Speaking out is frightening, disloyalty being the least of the accusations that typically follow. Each person to pluck up the courage to speak out needs to know exactly who they can go to to speak safely and how they can initially do it—most of them wish to do so anonymously initially. They cannot turn for information or advice to a colleague, as that exposes who they are. They cannot go to a senior person, as that exposes who they are. They should never look on the intranet or internet because that is traceable. Even in the health services, nurses use burner phones to report wrong behaviour. A whistleblower has to be absolutely confident that the person they speak to has both the will and, even more importantly, the authority to follow up and investigate an act. That is what whistleblowers look for.

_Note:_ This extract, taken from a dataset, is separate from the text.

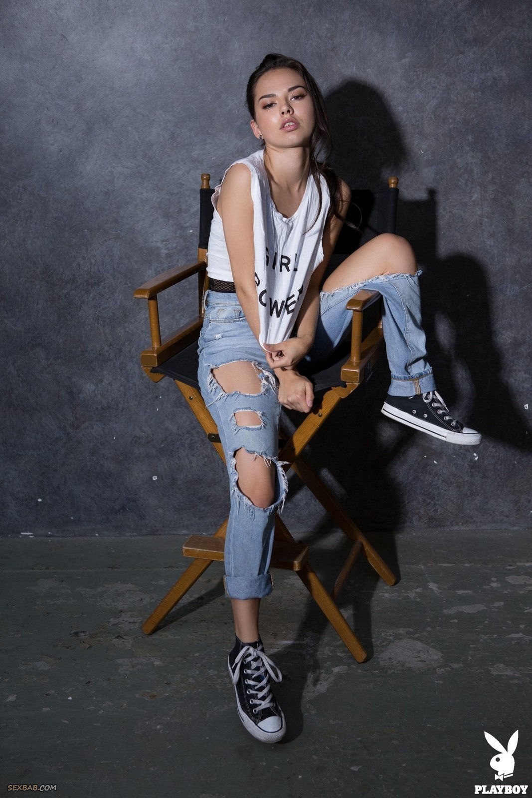Описание: Молодая и невероятно сексуальная красивая модель с худенькой талией начинает эротично позировать в порванных джинсах и полупрозрачном боди. В будущем стройняшка с маленькой грудью медленно раздевается и немного засвечивает упругую попку с гладенькой писькой и лобком.

However, it is much more than that. Confidentiality, which is often seen as the greatest protection for a whistleblower, is almost impossible to sustain once an investigation process starts, because the issue and the information themselves direct anyone who is interested to the identity of the whistleblower. So it is absolutely crucial that any person or body that a whistleblower goes to can provide them with protection or, where things go wrong and there is retaliation, with redress.

At both Second Reading and in earlier days in Committee, the noble Baroness, Lady Manningham-Buller, for whom I have great respect, and the Minister, the noble Lord, Lord Sharpe, listed reams of people who a whistleblower could go to. Of course, they would have to identify who was the right responsible person, what they would and could do, and, even more importantly, they would have to have their confidential contact details.

Included in the list from those speeches were government departments’ internal policies and processes, but, as we heard earlier, even the Government know that many of these are unsafe and are looking to improve their guidance because they are very broad, general concerns, so that is not a terribly good answer. Otherwise named were: a staff counsellor; the external staff counsellor in the Cabinet Office; organisational ethics counsellors—they play an important role but they have limited authority, particularly to investigate, and they have no power of redress as far as I can understand; the chair of the ISC; the Investigatory Powers Commissioner’s Office; the Attorney-General’s Office, the Director of Public Prosecutions; the Commissioner of the Metropolitan Police; with permission, the PUSS to the Home Office; the National Security Adviser; the Cabinet Secretary; and the Comptroller and Auditor-General. The list itself underscores the fact that this is a farce.

As I said, junior people on that list have relatively little power to act and certainly none for redress. As for the senior names listed—those many senior and important names—I am sure there are some people in this Committee who have the personal, confidential and secure phone numbers for those people, such as the National Security Adviser, but I very much doubt that a mid-level intelligence agent or the junior clerk in a supply chain has that information. Whistleblowers are very often the little people and mid-level people, because they are the least institutionalised.

I am asking the Government to get to grips with this now, and to at least make sure that there is a single place where people can go to to speak out, and that every member of every related organisation has that confidential number and contact information. The office that they go to—it cannot just be an individual, as that is far too narrow—has to have the power to set whistleblowing policies, procedures and reporting structures that include confidentiality and anonymity, the power to investigate and, significantly, because confidentiality is so fragile and so impossible to enforce, the power to redress where a whistleblower suffers detriment. In that way, there would be a system to catch wrong behaviour early. I would like to see it open not just to employees and contractors but to anyone who has relevant information. That information, coming early and going to the right people so that there is guaranteed follow-up, means that misbehaviour and wrongdoing are stopped in their tracks early. There is no better protection for the public interest.